KEY WORDS: telomere, telomere DNA, ontogenetic reserve cells, chromatin phenotype, cooperative transitions, DNA loops, nuclear matrix, epigenetic state, chromosomal "hot points".


A. M. Olovnikov predicted the loss of part of the telomere DNA sequence during replication [1, 2]. This phenomenon opened a new chapter in studies of cell biology. It explains limitations of cell divisions of normal somatic cells in eukaryotes, the replicative ageing described by Hayflick [3]. Subsequent studies [4] confirmed Olovnikov’s hypothesis. According to this hypothesis mechanisms preventing telomere shortenings must exist in individual cells and sex cells. In cells with stable telomere length, the enzyme preventing shortening of telomeric DNA sequences was found--telomerase [5, 6]. In sex cells this sequence was longer than in somatic cells [7]. The phenomenon of telomere shortening under cell ageing suggests that in immortalized cells the length of telomeres must be stable due to the presence of telomerase [4]. This was confirmed [8]. It should be stressed that the length of stable telomere sequences in tumor cells is often less than in those normal cells from which they were derived [9-11]. However, in spite of significant progress in "telomere biology" a number of major problems remain unsolved. We will analyze some information about telomeres and identify these problems. Telomeres limit groups of linkage and protect chromosomal termini against degradation by nuclease and recombinant process [12]. Telomeres are preferentially localized near the nuclear membrane and it is suggested that they participate in the organization of the nucleus [13-15]. The telomere sequence represents a long group of evolutionarily conservative repeating sequences of DNA [13-15]. In human cells the telomere repeat (TTAGGG)n is arranged in a group that can reach a length of 10-15 thousand pairs of bases. This repeat is typical for all human chromosomes [7, 10]. DNA of this repeat is associated with the nuclear matrix [16, 17]. Telomere chromatin is heterochromatinized and its DNA is replicated late [18]. The authors of this report associate this late replication with the structure of condensed telomere chromatin and possibly with its particular localization in a corresponding compartment of the interphase nucleus of the cell. It has been shown that the signal for replication of telomere DNA is initiated relatively early, in the period between G1- and preceding the M-phase of the cell cycle [18].

Data on the fate of telomere sequences in transformed cells are of principal importance. During the complex process of transformation the phenomenon of cell ageing is overcome and at a certain stage of this process cells become immortalized. However, the latter is occurs for only some of the cells. During transcription most cells live longer than their normal precursors, but gradually they also stop dividing and die. This is the so-called crisis phase. However, a small number of cells (for example, with a frequency of 10-7 for human fibroblasts infected with SV40 [19]) becomes immortalized, i.e., they overcome both replicative ageing and the crisis. This raises at least two problems: 1) Do initially normal cells overcoming crisis differ from other cells of the population? 2) Why is genome instability sharply increased in the process of transformation whereas in cells that overcome the crisis the number of chromosomal aberrations is stabilized?
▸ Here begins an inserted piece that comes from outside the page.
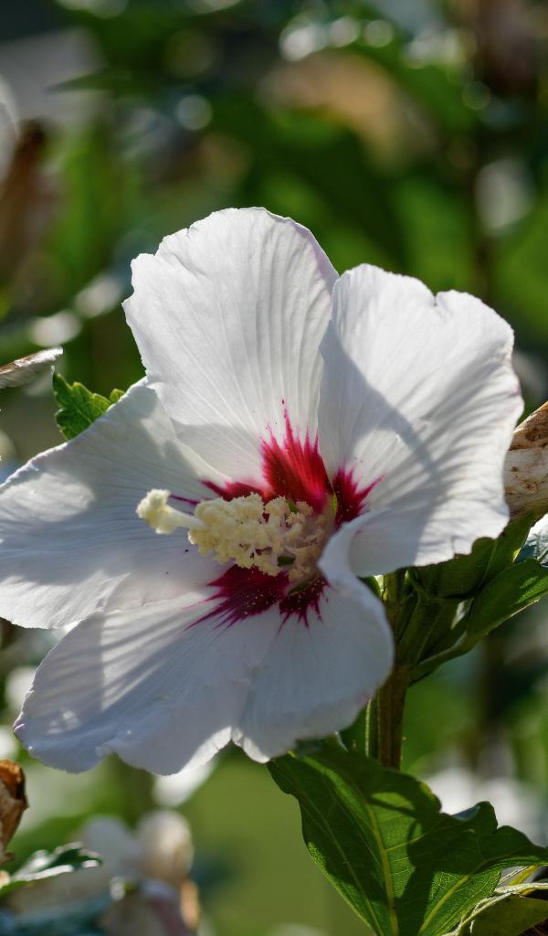 Wallpaper Tender white hibiscus flowers in the sun in the garden

Finally, there is a third problem. Telomere DNA sequences were shown to be localized not only in telomeres; they are distributed over other loci of vertebrate chromosomes [17, 20]. It is suggested that their appearance in non-telomere regions of chromosomes is due to chromosome fusion with subsequent amplification. These intrachromosomal repeats of DNA are sensitive to chromosome breaks and recombinations, i.e., they represent "hot points" in chromosomes during formation of chromosome aberrations [17, 21, 22]. It is interesting that DNA sequence we have isolated produce a hybridization signal not only near the telomere but also in a number of intrachromosome regions appearing as a result of chromosome fusions [23]. Thus, we propose the third problem: 3) Why are telomere repeats often "hot points" by which chromosome aberrations are generated?
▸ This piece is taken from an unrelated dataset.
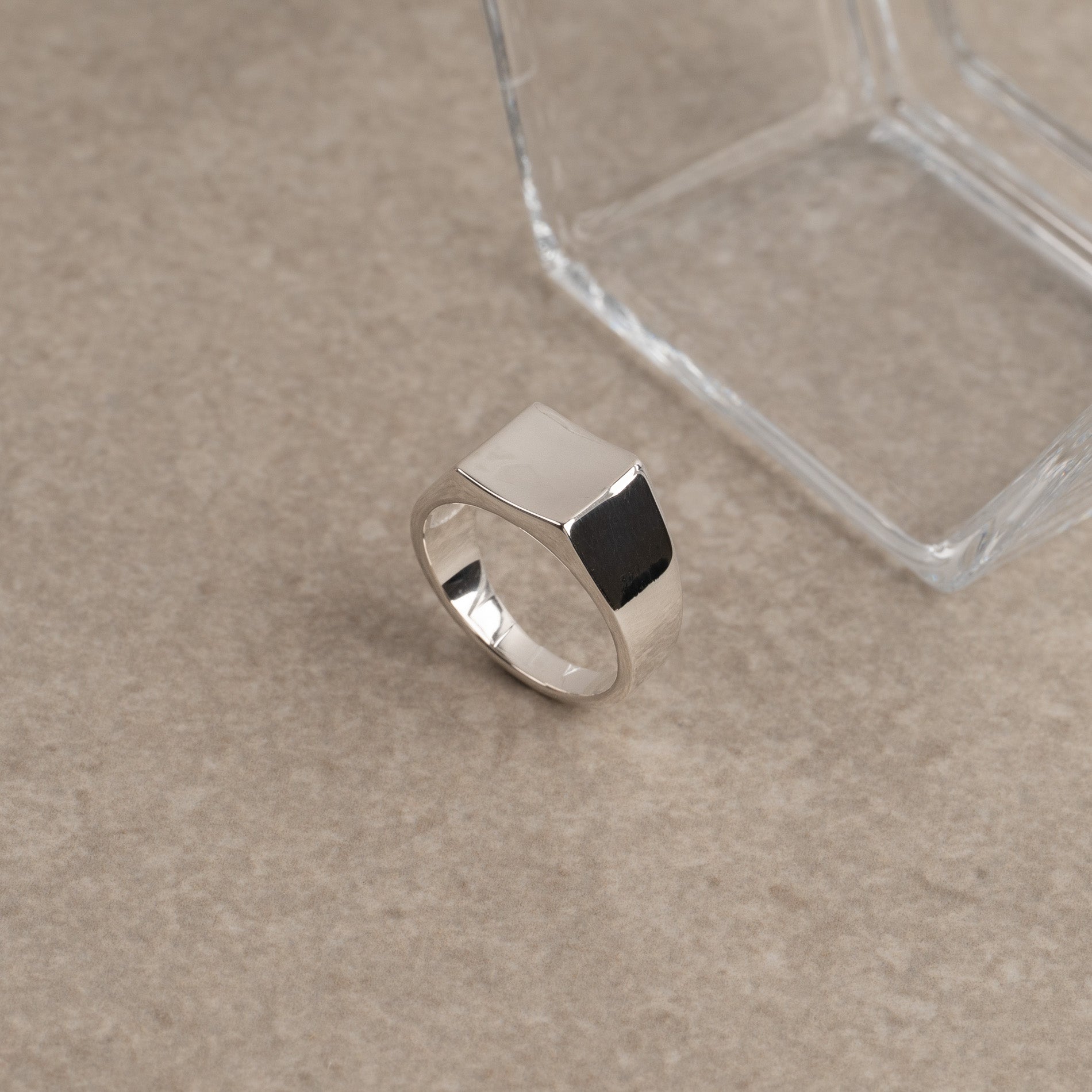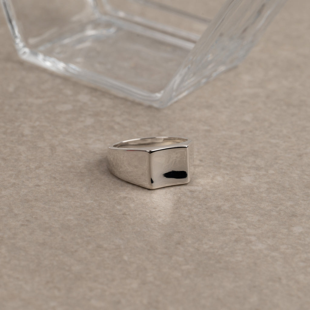 En klassisk, firkantet signet ring i 100 % genanvendt 925 sterlingsølv.

In this paper we do not present a review of "telomere biology". The references used are related only to those studies that can by useful to elucidate a number of questions. Moreover, some publications containing contradictions from the enumerated problems are deliberately left out of consideration. Thus, we raise a number of questions and in subsequent chapters we introduce our view concerning their answers.
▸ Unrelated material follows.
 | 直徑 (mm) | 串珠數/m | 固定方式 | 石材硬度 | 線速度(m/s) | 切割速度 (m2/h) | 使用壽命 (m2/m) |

Transition through Crisis to Cells with Stabilized DNA Telomere Lengths and the Question of Ontogenetic Reserve Cells

The dynamics of changes of DNA telomere sequences during cell divisions and telomerase activity have been studied in normal and SV40 infected cells of human embryonal kidney [24]. In accordance with Olovnikov’s prediction and data from other laboratories [19] the length of the telomere repeat gradually decreased during cells divisions, and the rate of this decrease is about 65 pairs of bases per division. This process also takes place in a population infected by SV40. It is characterized by a longer life-time (with an additional number of divisions) and cells become non-viable at the crisis point. We designate this point as the CP (crisis point). During transition through the CP the length of telomere repeats decreased from ~17 to ~1.5 thousand pairs of bases. Telomerase activity is absent both in dividing cells of the normal population and in transformed cells terminating their life at the CP. However, a small number of cells pass the CP and become immortalized. In these cells the length of decreased telomeres stabilize and telomerase activity appears. It was shown [24] that before CP a number of chromosome aberrations dramatically increased. However, after CP their number stabilized and even decreased.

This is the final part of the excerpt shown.